I’d like to thank Techstars Tampa Bay, Startup Digest Tampa Bay curator Murewa Olubela, and Startup Digest Tampa Bay curator manager Alex Abell for inviting me to write for the newsletter!

Here’s “director’s cut” of my guest editorial, which has some additional information and ideas…

Reasons for startups to be optimistic

Rather than bore you with a long preamble, I’ll give your week a good start by getting straight to my point: The global pandemic comes with a global business crisis, and crises are where startups shine. Here are three reasons — each with a litany of sub-reasons — why startup founders and team members should be at least a little optimistic about the current situation.

1. Sometimes you don’t know that you’re living in a golden age

The first reason to be optimistic is that recessions have been known to hide golden ages. As far as the last recession is concerned, Thomas Friedman has a theory: That 2007 was “one of the single greatest technological inflection points since Gutenberg…and we all completely missed it.”

He made his point very compelling by listing what happened then in What the hell happened in 2007?, the second chapter of his 2016 book, Thank You for Being Late. I’ve compiled his list in the table below, expanded the scope to cover the years 2006 through 2008, and threw in some additional notes.

Looking at that time through the lens of the leaps in technology shown below, it seems like a golden age:

The leap Notes
Airbnb

In October 2007, as a way to offset the high cost of rent in San Francisco, roommates Brian Chesky and Joe Gebbia came up with the idea of putting an air mattress in their living room and turning it into a bed and breakfast. They called their venture AirBedandBreakfast.com, which later got shortened to its current name.

This marks the start of the modern web- and app-driven gig economy.

Android

The first version of Android as we know it was announced on September 23, 2008 on the HTC Dream (also sold as the T-Mobile G1).

Originally started in 2003 and bought by Google in 2005, Android was at first a mobile operating system in the same spirit as Symbian or more importantly, Windows Mobile — Google was worried about competition from Microsoft. The original spec was for a more BlackBerry-like device with a keyboard, and did not account for a touchscreen. This all changed after the iPhone keynote.

App Store

Apple’s App Store launched on July 10, 2008 with an initial 500 apps. At the time of writing (March 2020), there should be close to 2 million.

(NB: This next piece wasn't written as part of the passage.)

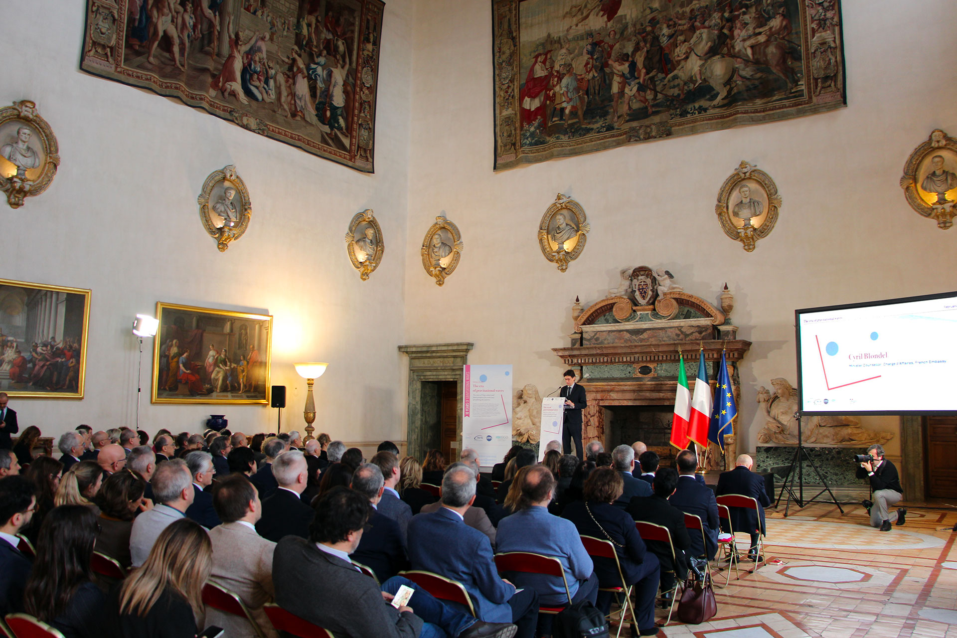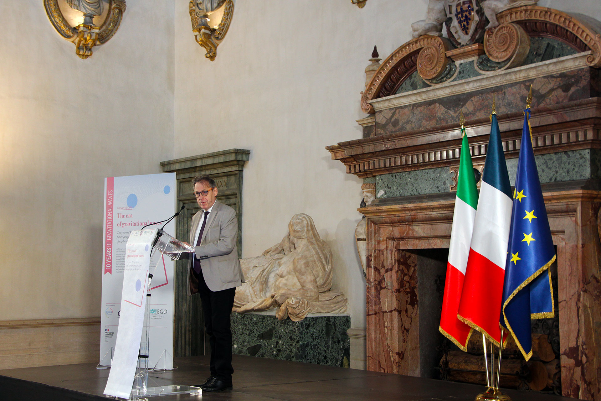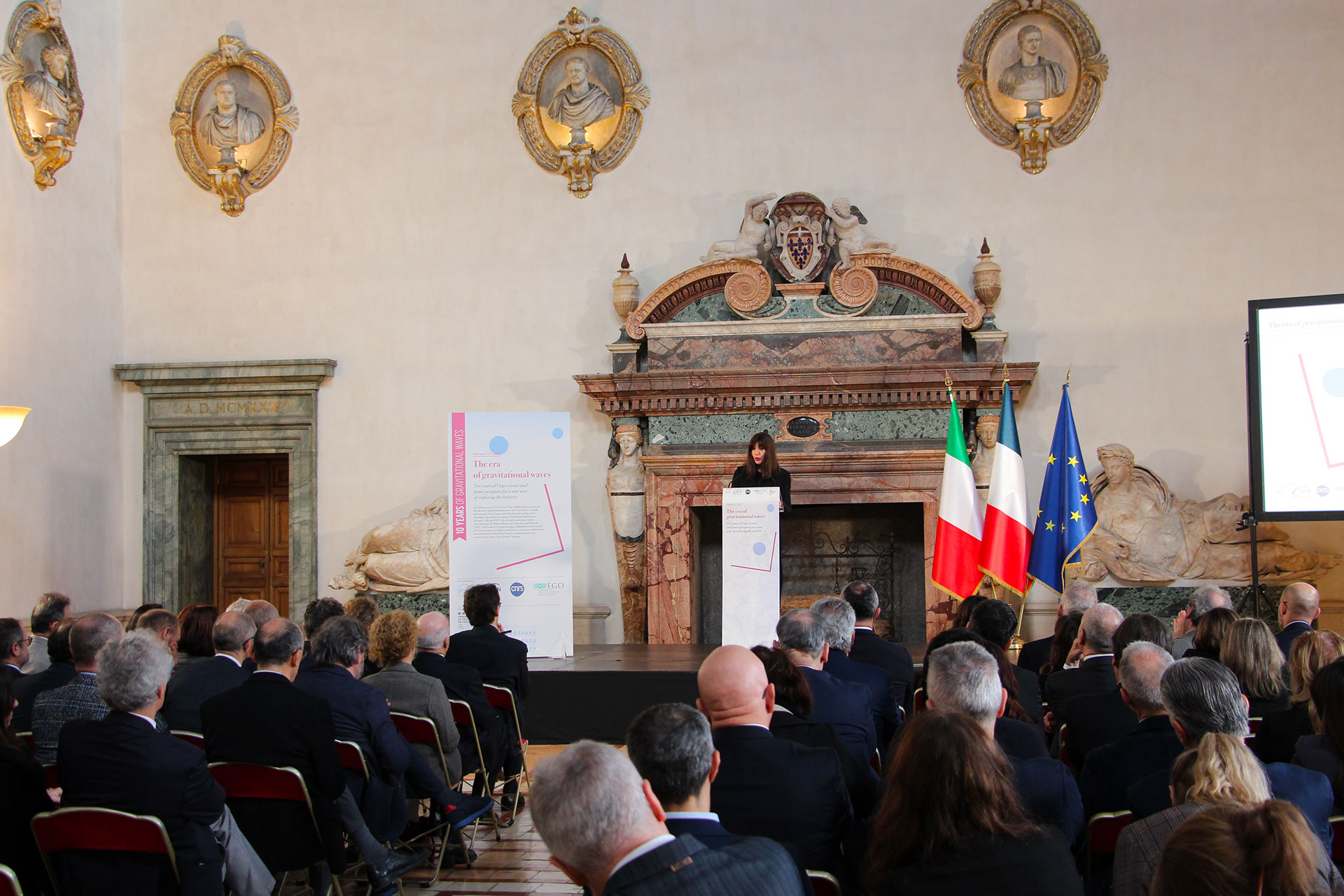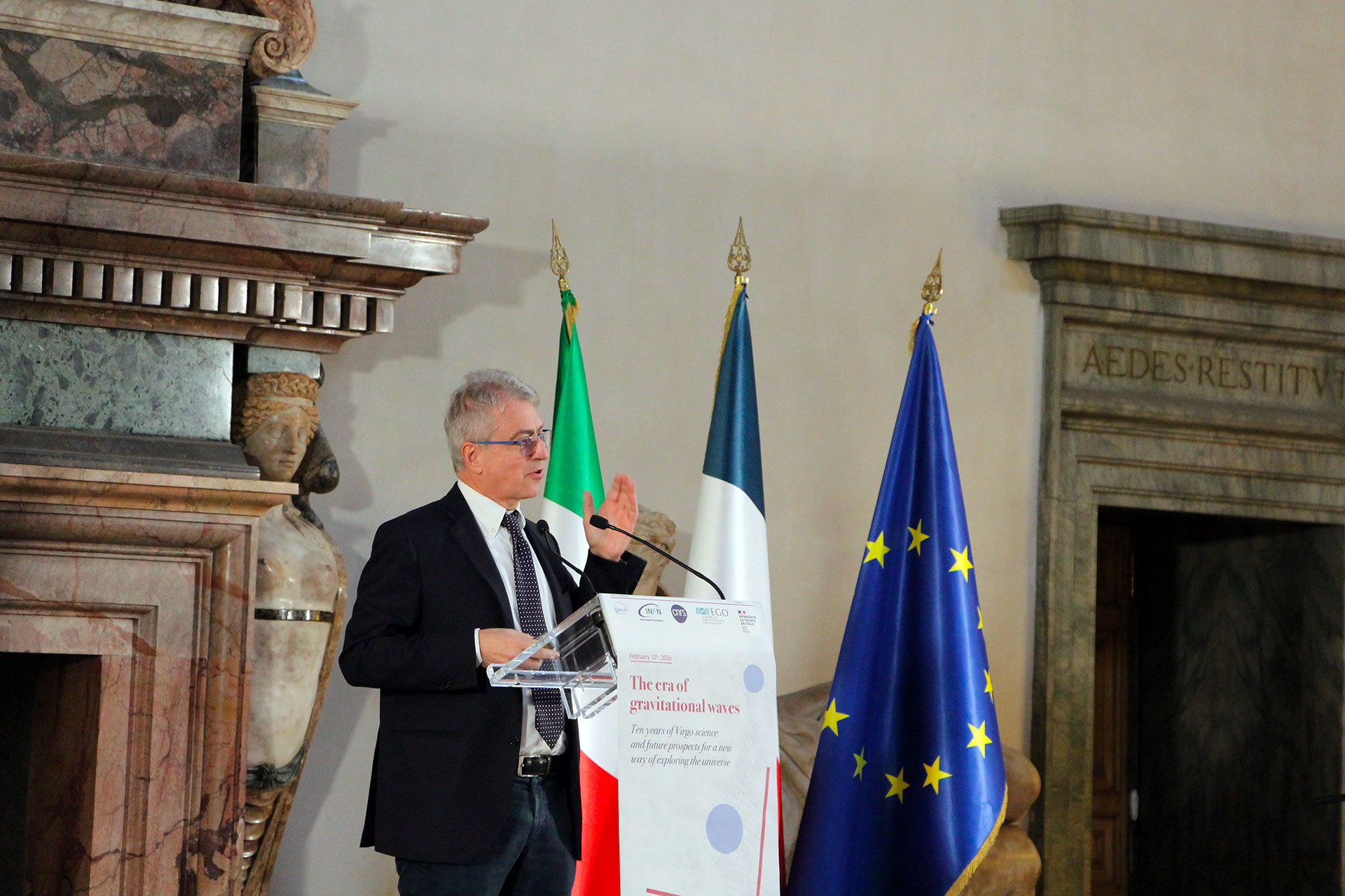 Today, 12 February 2026, the MUR Ministry of University and Research, INFN, CNRS and EGO promoted the event, hosted by the French Embassy in Rome, The era of gravitational waves. Ten years of Virgo science and future prospects for a new way of exploring the universe, to celebrate the tenth anniversary of the first historic observation of gravitational waves, retrace the discoveries that have resulted from this new way of studying the universe, and look to the future of research in the field with the upgrading of current detection instruments and the design of new ones, such as the future third-generation Einstein Telescope interferometer.

In case you don’t remember, Steve Jobs’ original plan was to not allow third-party developers to create native apps for the iPhone. Developers were directed to create web apps. The backlash prompted Apple to allow developers to create apps, and in March 2008, the first iPhone SDK was released.

Bitcoin

The person (or persons) going by the name “Satoshi Nakamoto” started working on the Bitcoin project in 2007.

It would eventually lead to cryptocurrency mania, crypto bros, HODL and other additions to the lexicon, one of the best Last Week Tonight news pieces, and give the Winklevoss twins their second shot at technology stardom after their failed first attempt with a guy named Mark Zuckerberg.

Chrome

By 2008, the browser wars were long done, and Internet Explorer owned the market. Then, on September 2, Google released Chrome, announcing it with a comic illustrated by Scott “Understanding Comics” McCloud, and starting the Second Browser War.

When Chrome was launched, Internet Explorer had about 70% of the browser market. In less than 5 years, Chrome would overtake IE.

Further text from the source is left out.